(Québec) Le point de presse quotidien sur la COVID-19 est l’outil le plus visible de l’offensive de communication du gouvernement. Mais il est loin d’être le seul, et plusieurs contrats substantiels ont été attribués ou le seront bientôt pour notamment « conserver la confiance de la population envers les actions gouvernementales ».

Gabriel Béland Gabriel Béland
La Presse

Deux sondeurs – Léger et SOM – ont reçu récemment des contrats de gré à gré pour prendre le pouls des Québécois quant aux mesures mises en place durant la pandémie.

Puis, au cours des prochaines semaines, un important contrat doit être attribué à une agence publicitaire afin de créer une vaste campagne qui coïncide avec le déconfinement.

Ce contrat pourrait atteindre 15 millions sur un an, sans compter le coût des placements médias. Il peut être renouvelé deux fois pour un maximum de 45 millions.

L’assouplissement des mesures restrictives mises en place pour se protéger et protéger les autres pendant la pandémie pourrait créer de vives inquiétudes au sein de la population.

Extrait de l’appel d’offres du gouvernement

La campagne vise donc à « la préparer à ce retour progressif à la normale (nouvelle normalité) ».

L’offensive publicitaire doit aussi « conserver la confiance de la population envers les actions gouvernementales », peut-on lire dans l’appel d’offres. « Le gouvernement s’étant engagé à ce que les choses se passent bien (Ça va bien aller). »

Le gouvernement veut d’ailleurs mesurer cette adhésion à son message. « Après avoir été exposés aux pièces de la campagne, s’assurer qu’au moins 95 % des répondants du public cible ont confiance aux actions prises par le gouvernement du Québec. »

La campagne doit être diffusée de mai à décembre. Elle doit « soutenir l’ensemble des médias dans cette période de crise » et « il est donc impératif d’utiliser tous les médias ».

Compte tenu du sérieux de la pandémie, « l’angle humoristique ou absurde est à éviter », précise le document.

Une source du milieu publicitaire a qualifié ce contrat d’« immense ». Une autre a précisé que la somme de 15 millions par année est un maximum. Le gouvernement pourrait dépenser moins, mais cette importante enveloppe lui donne les coudées franches.

Onze agences, déjà qualifiées pour des contrats auprès du gouvernement, ont été appelées à soumettre une offre.

Deux sondages simultanés

En plus de l’offensive publicitaire, le gouvernement sonde les Québécois depuis le début de la crise grâce à au moins deux sondeurs.

L’Institut national de santé publique (INSPQ) a accordé le 7 avril un contrat de gré à gré de 828 000 $ à Léger.

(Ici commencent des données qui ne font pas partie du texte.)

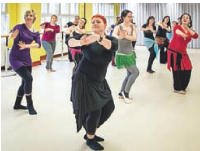
Glavna učiteljica festivala Nesma je imela vse svoje delavnice razprodane.

vanjema ter nastopi izbranih folklor Egipta ter Arabskega polotoka. Sobotni plesni večer je navdušil z gala večerom Nawar, na katerem so zaplesale učiteljice festivala ter povabljene plesalke iz Slovenije ter Evrope. Dvaindvajset plesnih točk je navdušilo zbrano publiko z zanimivo paleto plesnih stilov, čudovitimi koreografijami in barvitimi plesnimi kostumi.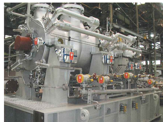
各種ユニット電気計装工事

トンネル換気、電気集塵機、風洞設備、天然ガス圧送プラント、海外向けプラントなどあらゆる設備の制御並びに計測配線工事、計装工事、機器据付工事の設計、施工と監理業務。低周波・高周波誘導炉設備、誘導加熱設備等の据付配管配線工事。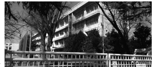
学校のイメージ写真▶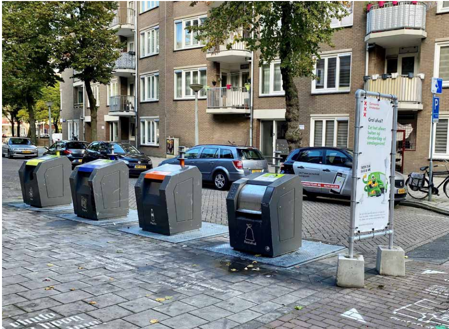
De campagne voor grof afval

Amsterdam is een stad om trots op te zijn. En een stad die we graag netjes houden met en voor elkaar. Samen met u zet de gemeente zich hiervoor in. Het gaat alleen nog niet altijd goed. Naast sommige containers staat nog te vaak afval. Daarom startten we in februari vanuit Aanpak bijplaatsingen een campagne.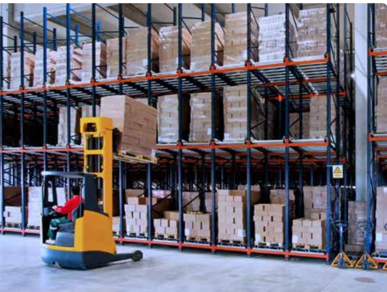
DECT XQ sorgt für hohe Sprachqualität in reflektierenden Umgebungen.

Ein DECT-Funknetz kann auch Bereiche außerhalb von Gebäuden abdecken. Dabei kommen spezielle Outdoor-Basisstationen mit einem erweiterten Temperaturbereich im Wetterschutzgehäuse zum Einsatz. Einige Basisstationen lassen sich durch externe Antennen mit unterschiedlicher Funkcharakteristik perfekt an die speziellen Anforderungen des Standortes und des Funknetzes anpassen.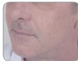
12 månader efter krämens användning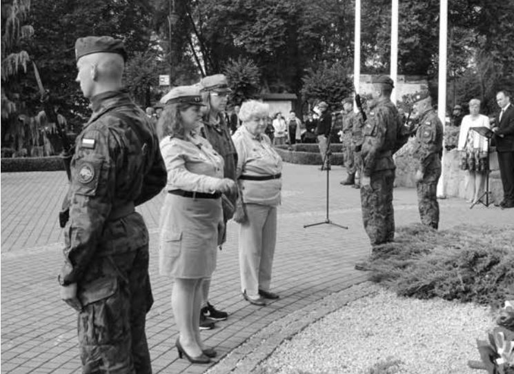
arch. R. Troczyński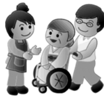
デイサービス送り出し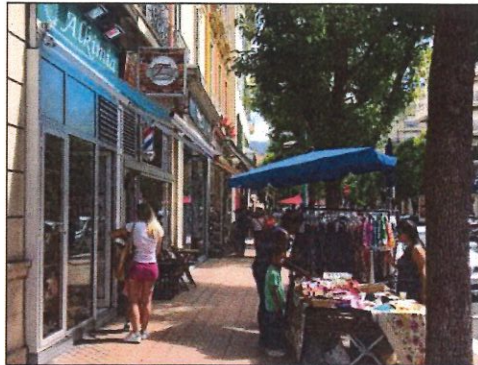
Ce week-end, les commerces de Menton seront plus que jamais mis en valeur.

Dans la lignée des aides proposées aux entreprises pour surmonter la période post Covid, la Ville de Menton propose tous les samedis l'opération « Happy shopping » en partenariat avec l'association de commerçants « Menton sourire ». À cette occasion, les professionnels qui le souhaitent sont autorisés à mettre un étalage devant leur boutique pour plus de visibilité, et bénéficient d'une musique d'ambiance devantant aux rues d'être davantage animées. Ce week-end, l'opération sera couplée à une seconde - « Le commerce fait son show » - étalée sur deux jours. Pour l'occasion le bord de mer sera réservé aux piétons. Au programme : une quarantaine de stands entre le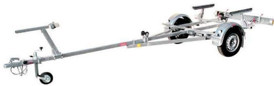
PBA 500 U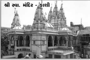
શ્રી સ્વા. મંદિર - કાશી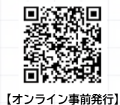
【オンライン事前発行】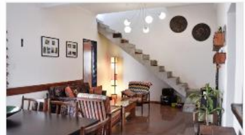
VILLA MARTELLI PH 4 Amb.

PB: DEPOSITO CON BAÑO (POSIBLE GARAGE) 41m2 + PA: PH 3 AMB CON BALCON AL FRENTE; 130M2 TOTALES, A METROS DE AVENIDA MITRE. DEPA2338

L’état d’urgence sanitaire permet d’accorder des contrats sans appel d’offres, peu importe leur valeur.

Ces sondages ont lieu quotidiennement sur le web et de manière hebdomadaire au téléphone. Ils visent entre autres à « évaluer les perceptions et l’adhésion de la population aux mesures de distanciation sociale », précise une porte-parole de l’INSPQ, Sybille Jussome.

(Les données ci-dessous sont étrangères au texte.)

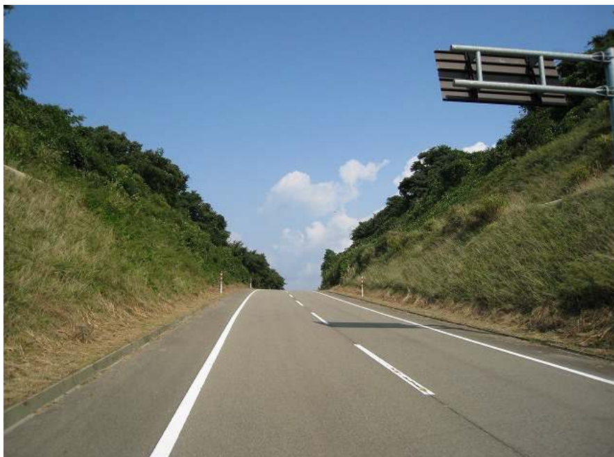
64. スーパー農道 その10 標高132m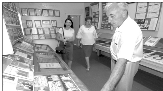
Музей історії села – гордість колишнього директора.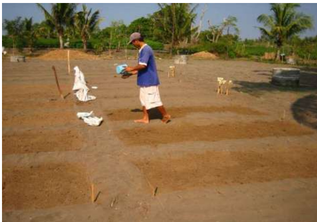
Gambar 4.2. Pemberian lumpur di lahan pasir pantai

Penggunaan bahan halus di lahan pasir pantai dapat memanfaatkan tanah lempung, abu vulkan, endapan saluran sungai, kolam waduk. Penggunaan bahan halus bertujuan untuk meningkatkan jumlah koloid dalam tanah, khususnya penambahan fraksi lempung (Gambar 4.2). Peningkatan jumlah bahan halus dalam tanah akan bermanfaat terhadap peningkatan hara dan air.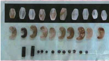
玉類（首飾りなどの装飾品）（3・4号墓から出土）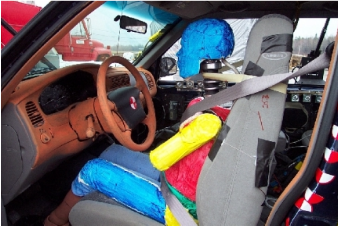
40. Côté gauche du conducteur, véhicule cible, avant essai. Left side of driver, target vehicle, pre-test.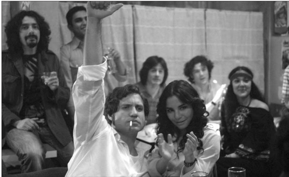
Carlos című filmjében Olivier Assayas jó érzékkel rajzolja meg az egyik legkeresettebb terrorista portréját

A fikciót és a valóságelemeket jól egybeszövő forgatókönyv öntudatos embernek festi le Carlos, aki nem szolgálja az általa követett elveknél, hanem azok aktív megvalósítója. Sőt: a film megengedi azt is, hogy Carlosban egy, a mi világfelfogásunkkal összeegyeztet-

Les données sont acheminées quotidiennement au ministère de la Santé et des Services sociaux sous forme de rapport.

Le ministère du Conseil exécutif, lequel relève de François Legault, a quant à lui accordé un contrat de gré à gré de 500 000 $ à SOM dès le début de la crise, le 10 mars.

« Le mandat de SOM est de mesurer, en temps réel, la portée et la compréhension des messages de santé publique, afin d’ajuster les stratégies de communication et de peaufiner les messages », explique Jean Auclair, porte-parole du ministère du Conseil exécutif.

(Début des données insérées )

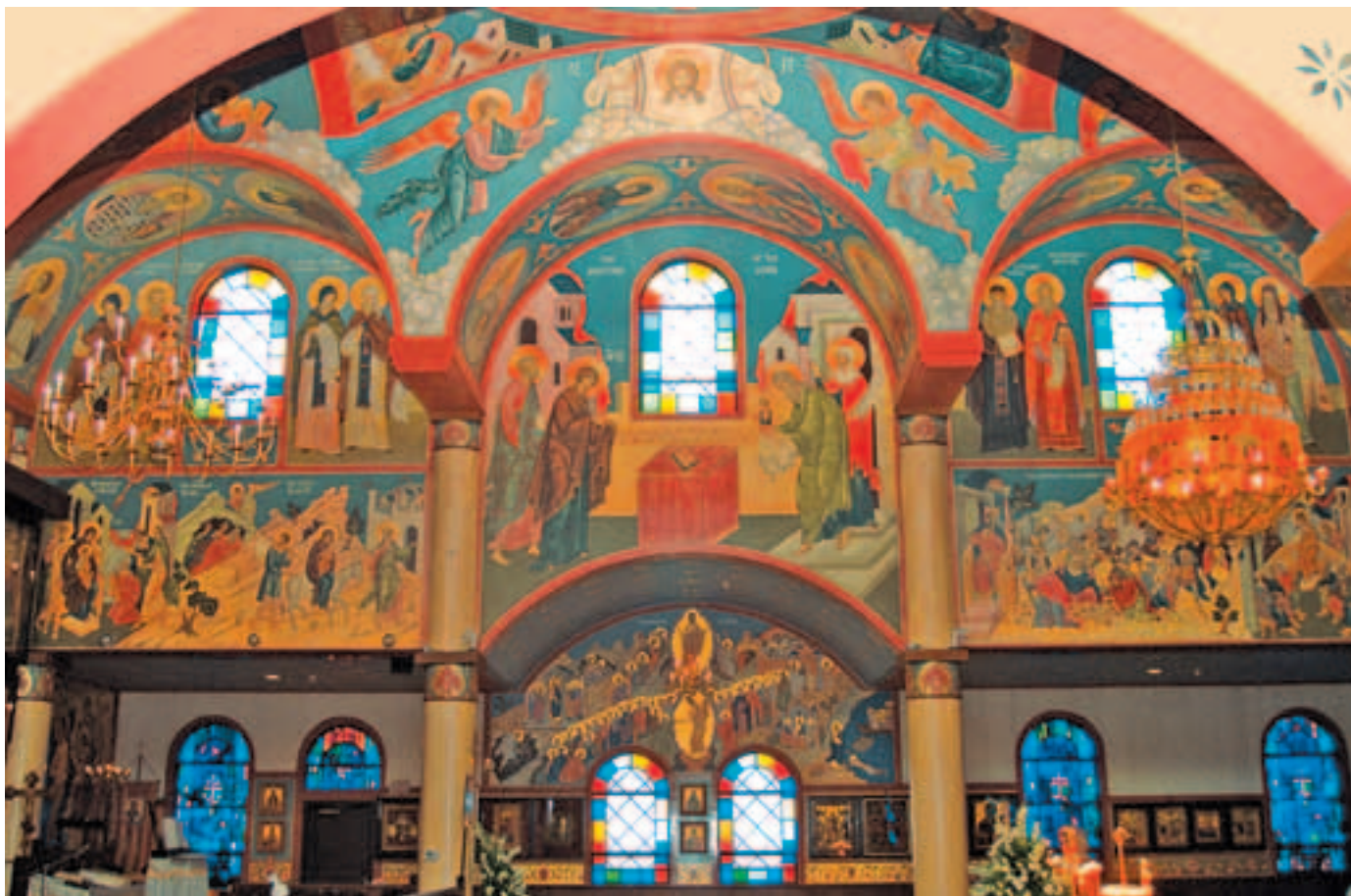
Роспись южной стены храма Рождества Христова в Ири. Фото 2008 года

Horacio Arruda avait fait référence vendredi dernier aux sondages menés par le gouvernement. Selon le directeur national de santé publique, ils indiquent que le confinement est mal vécu par une partie de la population.

« Je peux vous dire qu’on fait des sondages puis on voit l’état mental des personnes, des signes de dépression », avait lancé le Dr Arruda.